## PROBLEM DESCRIPTION
Transcribe the lines below verbatim, skipping the images.
** DATA RECORDS follows **
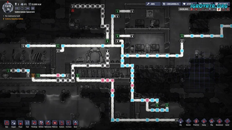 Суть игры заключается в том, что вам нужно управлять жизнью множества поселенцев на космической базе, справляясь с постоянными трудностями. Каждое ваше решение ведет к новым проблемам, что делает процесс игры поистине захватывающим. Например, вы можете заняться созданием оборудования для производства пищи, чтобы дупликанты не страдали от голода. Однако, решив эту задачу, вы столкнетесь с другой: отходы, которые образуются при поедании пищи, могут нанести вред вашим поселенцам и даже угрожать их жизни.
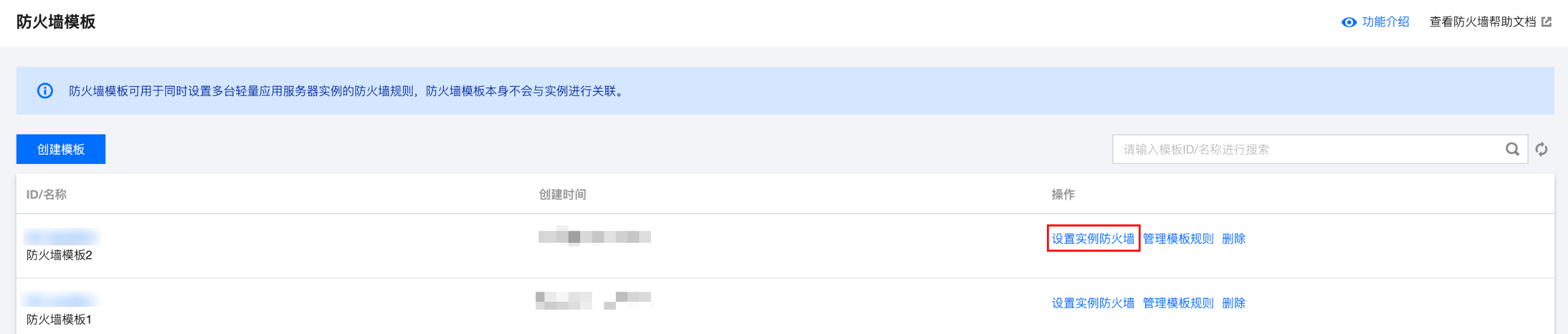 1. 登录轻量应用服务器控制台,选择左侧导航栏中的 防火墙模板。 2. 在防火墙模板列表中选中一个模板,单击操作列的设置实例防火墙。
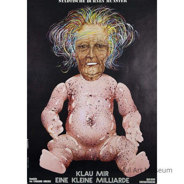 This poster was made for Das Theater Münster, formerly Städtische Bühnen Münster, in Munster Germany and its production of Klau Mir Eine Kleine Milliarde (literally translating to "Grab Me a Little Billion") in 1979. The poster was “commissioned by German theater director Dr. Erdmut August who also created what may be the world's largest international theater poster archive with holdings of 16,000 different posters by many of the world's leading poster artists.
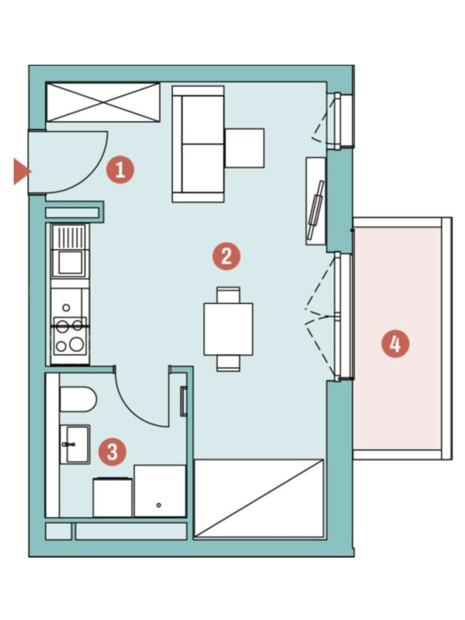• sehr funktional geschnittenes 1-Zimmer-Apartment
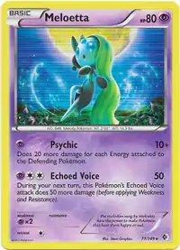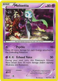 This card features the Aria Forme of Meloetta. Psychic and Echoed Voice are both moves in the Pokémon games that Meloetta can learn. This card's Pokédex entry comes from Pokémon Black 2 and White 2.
** End of DATA RECORDS **
## OUTPUT BELOW
 Суть игры заключается в том, что вам нужно управлять жизнью множества поселенцев на космической базе, справляясь с постоянными трудностями. Каждое ваше решение ведет к новым проблемам, что делает процесс игры поистине захватывающим. Например, вы можете заняться созданием оборудования для производства пищи, чтобы дупликанты не страдали от голода. Однако, решив эту задачу, вы столкнетесь с другой: отходы, которые образуются при поедании пищи, могут нанести вред вашим поселенцам и даже угрожать их жизни.
 1. 登录轻量应用服务器控制台,选择左侧导航栏中的 防火墙模板。 2. 在防火墙模板列表中选中一个模板,单击操作列的设置实例防火墙。
 This poster was made for Das Theater Münster, formerly Städtische Bühnen Münster, in Munster Germany and its production of Klau Mir Eine Kleine Milliarde (literally translating to "Grab Me a Little Billion") in 1979. The poster was “commissioned by German theater director Dr. Erdmut August who also created what may be the world's largest international theater poster archive with holdings of 16,000 different posters by many of the world's leading poster artists.
• sehr funktional geschnittenes 1-Zimmer-Apartment
 This card features the Aria Forme of Meloetta. Psychic and Echoed Voice are both moves in the Pokémon games that Meloetta can learn. This card's Pokédex entry comes from Pokémon Black 2 and White 2.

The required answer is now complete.